[Information given]
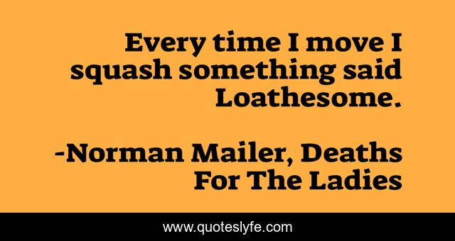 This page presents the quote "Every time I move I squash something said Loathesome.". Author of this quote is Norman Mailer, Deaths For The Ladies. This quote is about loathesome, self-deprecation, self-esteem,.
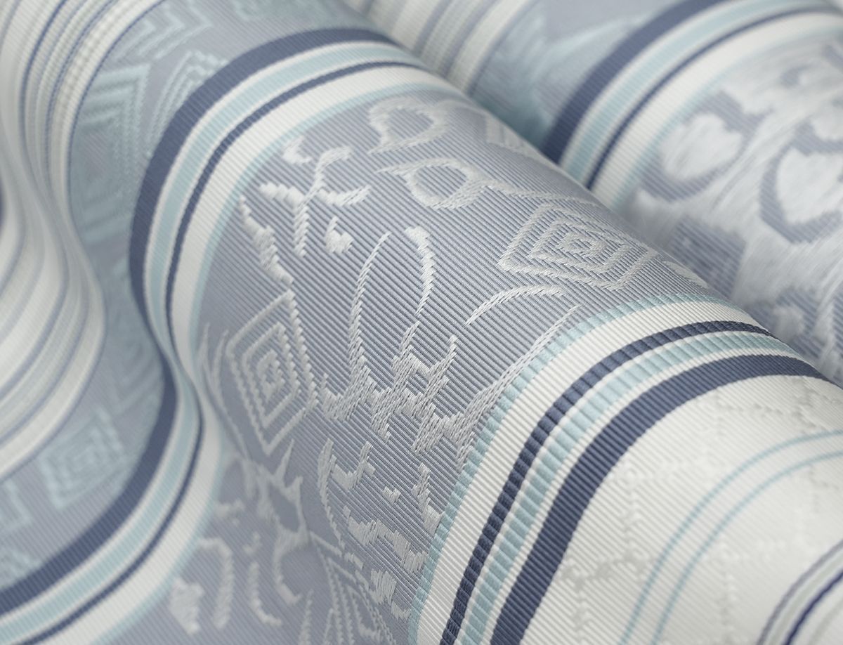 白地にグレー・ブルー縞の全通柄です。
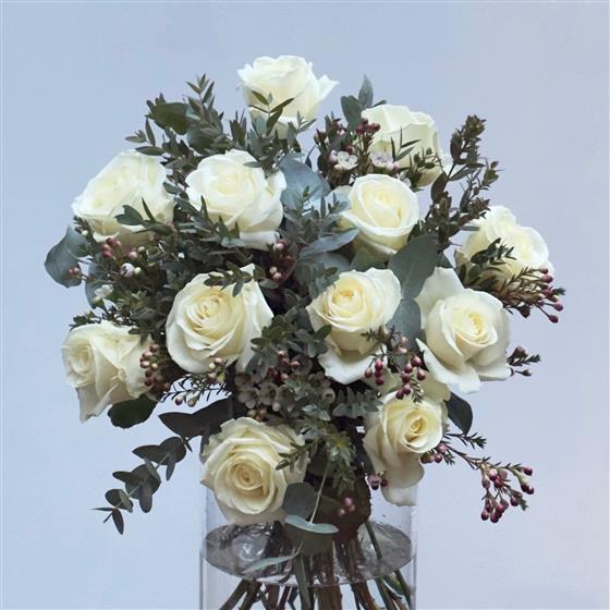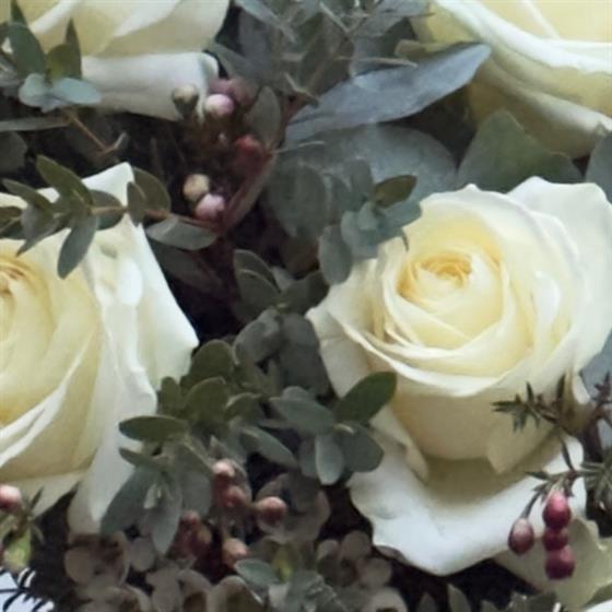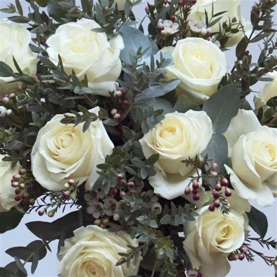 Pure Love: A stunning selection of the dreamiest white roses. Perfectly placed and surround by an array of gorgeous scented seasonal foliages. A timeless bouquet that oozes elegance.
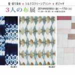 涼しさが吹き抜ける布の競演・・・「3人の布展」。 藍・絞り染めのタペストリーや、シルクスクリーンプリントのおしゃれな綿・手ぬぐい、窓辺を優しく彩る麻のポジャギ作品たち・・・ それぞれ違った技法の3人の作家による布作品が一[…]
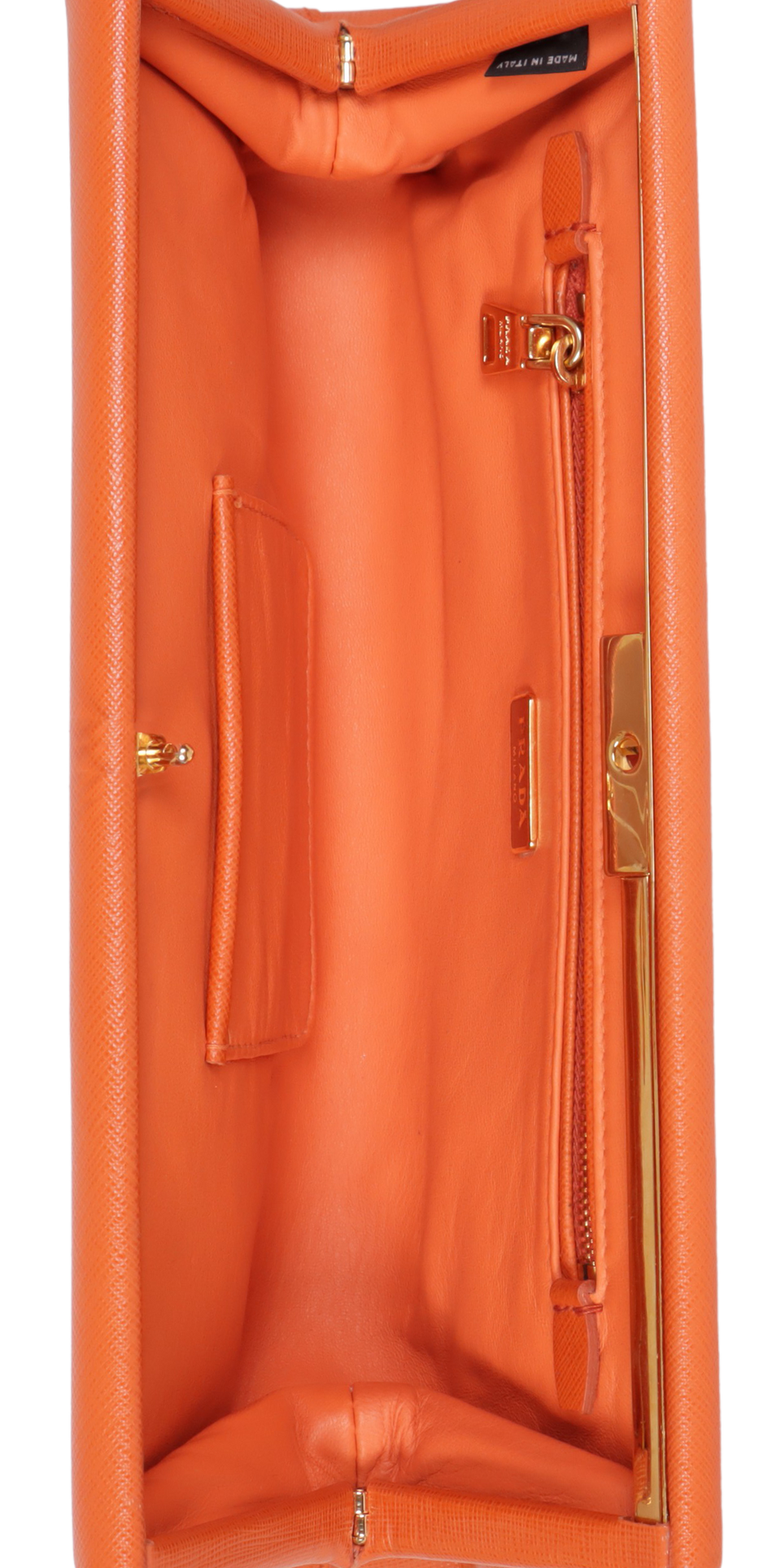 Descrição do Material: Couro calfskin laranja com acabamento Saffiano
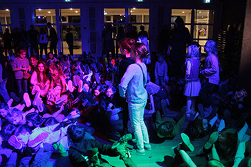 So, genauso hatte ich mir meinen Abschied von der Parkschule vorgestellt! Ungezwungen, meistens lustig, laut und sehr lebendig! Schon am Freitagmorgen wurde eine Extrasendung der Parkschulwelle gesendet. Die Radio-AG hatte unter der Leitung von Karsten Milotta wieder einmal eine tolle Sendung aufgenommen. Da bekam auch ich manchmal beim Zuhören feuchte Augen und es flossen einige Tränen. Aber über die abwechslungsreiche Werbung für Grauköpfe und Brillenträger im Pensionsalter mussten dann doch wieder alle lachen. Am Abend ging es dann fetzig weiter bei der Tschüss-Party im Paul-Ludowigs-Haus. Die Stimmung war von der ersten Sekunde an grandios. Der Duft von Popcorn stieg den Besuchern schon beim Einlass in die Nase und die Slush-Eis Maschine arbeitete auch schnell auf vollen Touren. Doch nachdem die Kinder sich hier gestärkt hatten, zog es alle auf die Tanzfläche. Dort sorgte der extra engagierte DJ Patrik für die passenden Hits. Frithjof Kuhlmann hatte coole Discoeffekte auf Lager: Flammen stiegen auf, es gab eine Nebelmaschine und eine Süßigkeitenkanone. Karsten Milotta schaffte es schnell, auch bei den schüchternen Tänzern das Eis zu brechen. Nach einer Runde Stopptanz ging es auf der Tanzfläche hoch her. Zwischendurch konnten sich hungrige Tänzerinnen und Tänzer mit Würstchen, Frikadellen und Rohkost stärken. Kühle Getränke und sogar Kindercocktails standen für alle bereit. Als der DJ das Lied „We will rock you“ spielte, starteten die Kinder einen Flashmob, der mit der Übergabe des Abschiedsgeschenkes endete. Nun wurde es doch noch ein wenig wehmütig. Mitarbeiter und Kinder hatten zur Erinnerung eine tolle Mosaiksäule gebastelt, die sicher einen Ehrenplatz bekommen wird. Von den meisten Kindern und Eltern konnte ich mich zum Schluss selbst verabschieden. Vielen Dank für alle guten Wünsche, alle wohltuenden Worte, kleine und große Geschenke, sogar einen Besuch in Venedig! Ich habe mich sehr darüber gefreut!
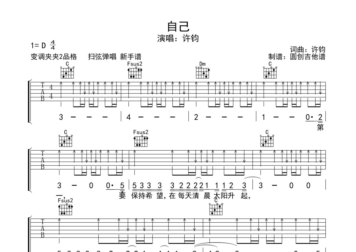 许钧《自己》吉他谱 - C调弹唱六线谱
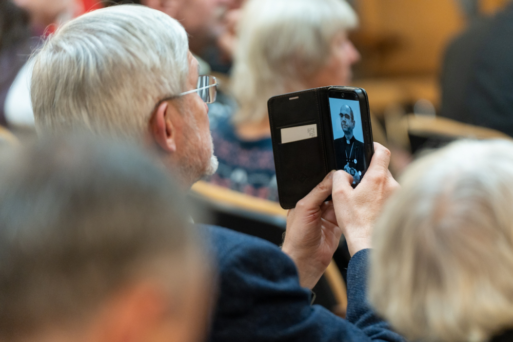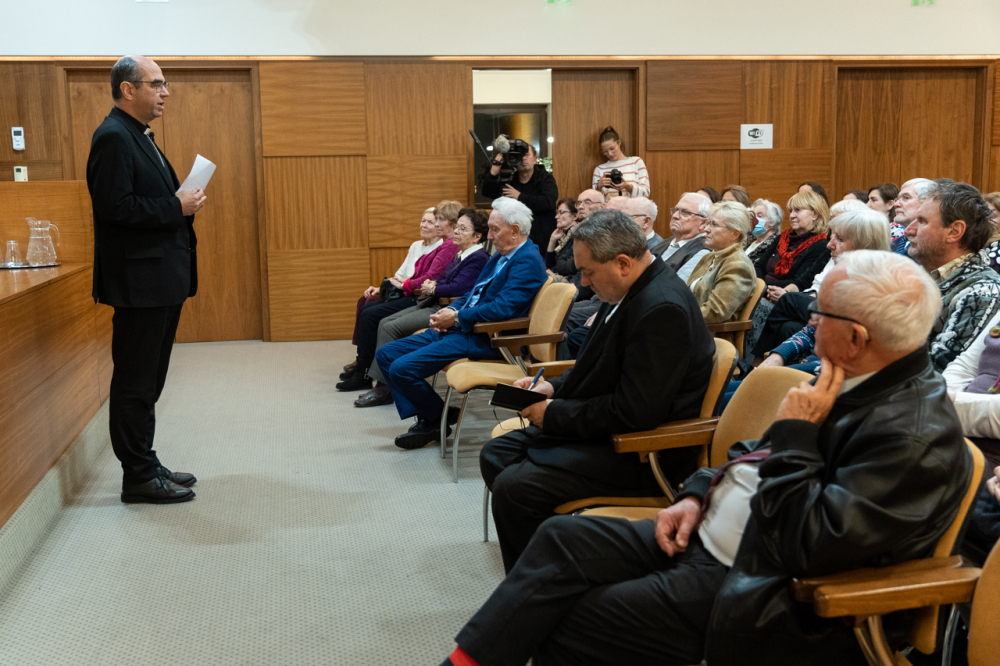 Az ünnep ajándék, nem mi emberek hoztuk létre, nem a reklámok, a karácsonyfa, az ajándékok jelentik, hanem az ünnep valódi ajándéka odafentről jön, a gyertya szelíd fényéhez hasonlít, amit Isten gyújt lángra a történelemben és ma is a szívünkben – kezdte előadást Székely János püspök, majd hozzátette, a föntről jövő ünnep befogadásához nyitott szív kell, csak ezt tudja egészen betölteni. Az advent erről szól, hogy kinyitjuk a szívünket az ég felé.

[Your assignment]
Take the records above from their first line through the line with "Descrição do Material: Couro" and set those lines down word for word, minus the pictures.

[Response area]
 This page presents the quote "Every time I move I squash something said Loathesome.". Author of this quote is Norman Mailer, Deaths For The Ladies. This quote is about loathesome, self-deprecation, self-esteem,.
 白地にグレー・ブルー縞の全通柄です。
 Pure Love: A stunning selection of the dreamiest white roses. Perfectly placed and surround by an array of gorgeous scented seasonal foliages. A timeless bouquet that oozes elegance.
 涼しさが吹き抜ける布の競演・・・「3人の布展」。 藍・絞り染めのタペストリーや、シルクスクリーンプリントのおしゃれな綿・手ぬぐい、窓辺を優しく彩る麻のポジャギ作品たち・・・ それぞれ違った技法の3人の作家による布作品が一[…]
 Descrição do Material: Couro calfskin laranja com acabamento Saffiano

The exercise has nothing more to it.